Extremely dense woods that required the use of our machete's. So much so that our uphill progress was about 10 feet per minute. We would chop about 10 trees, take a step, chop 10 more, take a step. All in the pouring rain and we were freezing.

We kept going for over 4 hours until we reached the summit.

We briefly went to our left into a ravine but it was very steep and extremely unstable ground. After a few minor slips that could have been much worse we decided for safety reasons to go back to the machete chopping.

After thinking we were at the summit many times we actually arrived at 6:20pm and rushed to set up camp so we could get out of our soaking wet, freezing cold clothing.

We both crammed in my small tent, ate some food and were asleep by 7:45pm.

Our tent was set up on a slight incline so that we had trees to tie the tarp to and during the night we slid out from under the tarp. Our feet which were already the coldest and most wet were now soaked from the edge of the tent.

It rained all night and finally subsided around 5:00am. Just in time to catch another amazing sunrise.

We stayed on the summit until 9:20 enjoying the brief sunrise, eating breakfast, and then attempting to dry some of our gear in the sun. we ventured around the cone and found a couple small trails leading to a lookout on the east side for sunrise and one on the west set towards Volcan San Pedro and sun set.

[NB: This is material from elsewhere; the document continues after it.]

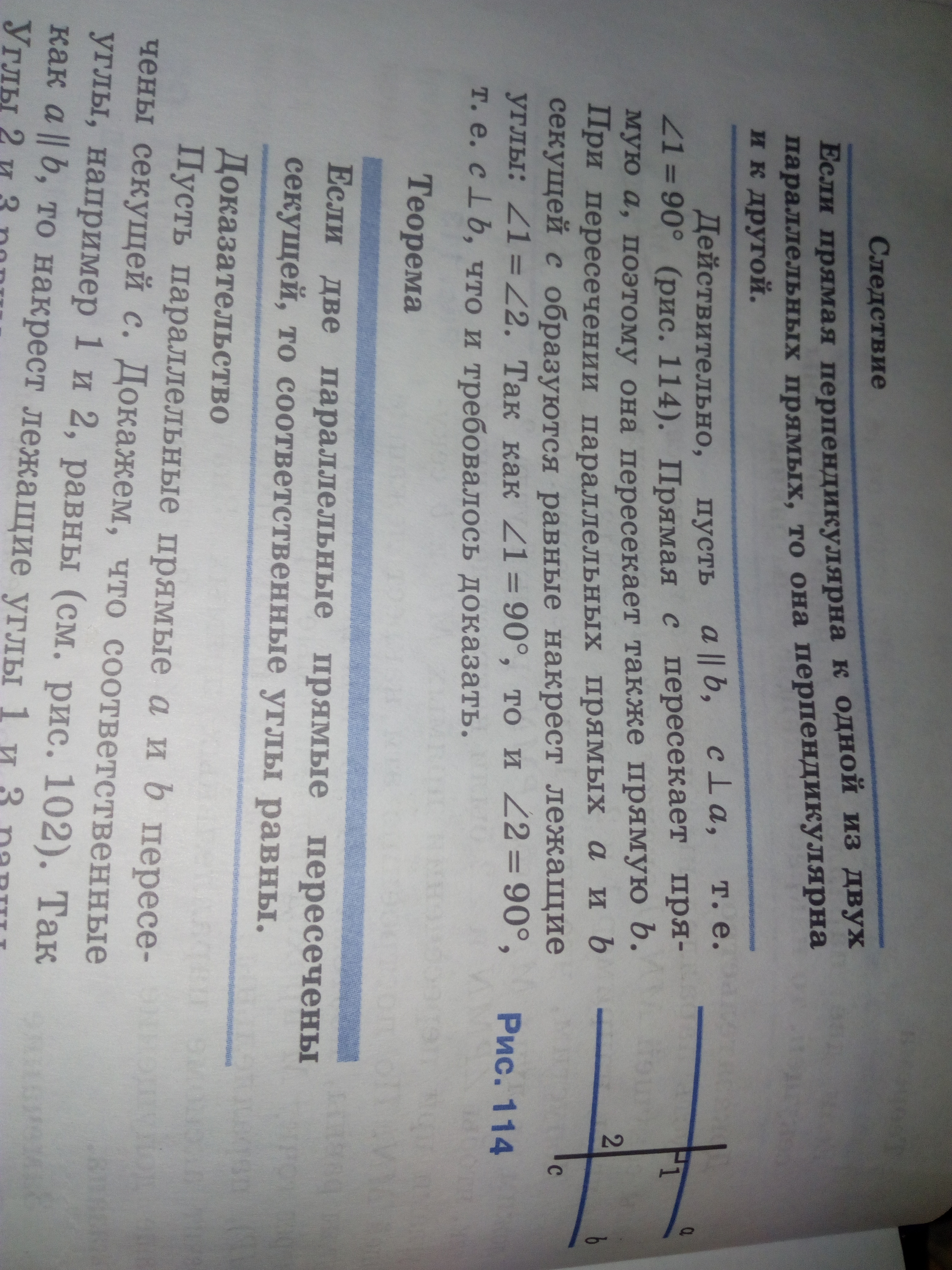 Если прямая перпендикулярна одной из двух параллельных прямых то, она перпендикулярна и другой.

We also found a PATH! WooHoo!

This path, for those who want to climb Toliman, lead straight down to Santiago and took only 2h50m to descend. It was extremely slippery due to the massive amount of rain so the chopping of walking sticks was necessary.

There did not seem to be any path down the South side of the volcano towards the saddle.

If you want to climb Toliman I suggest you take the path!

From Santiago ask someone where the dump is. The path begins from the east side of town and starts through the dump.

Once through the dump you will follow the most used pathway, generally always keeping to your left when there are multiple options and it will take you straight up the North West side of Toliman to the summit. About 30 minutes before reaching the summit when you're already pretty high there is a left hand turn off which I assume leads to the smaller cone closer to the lake.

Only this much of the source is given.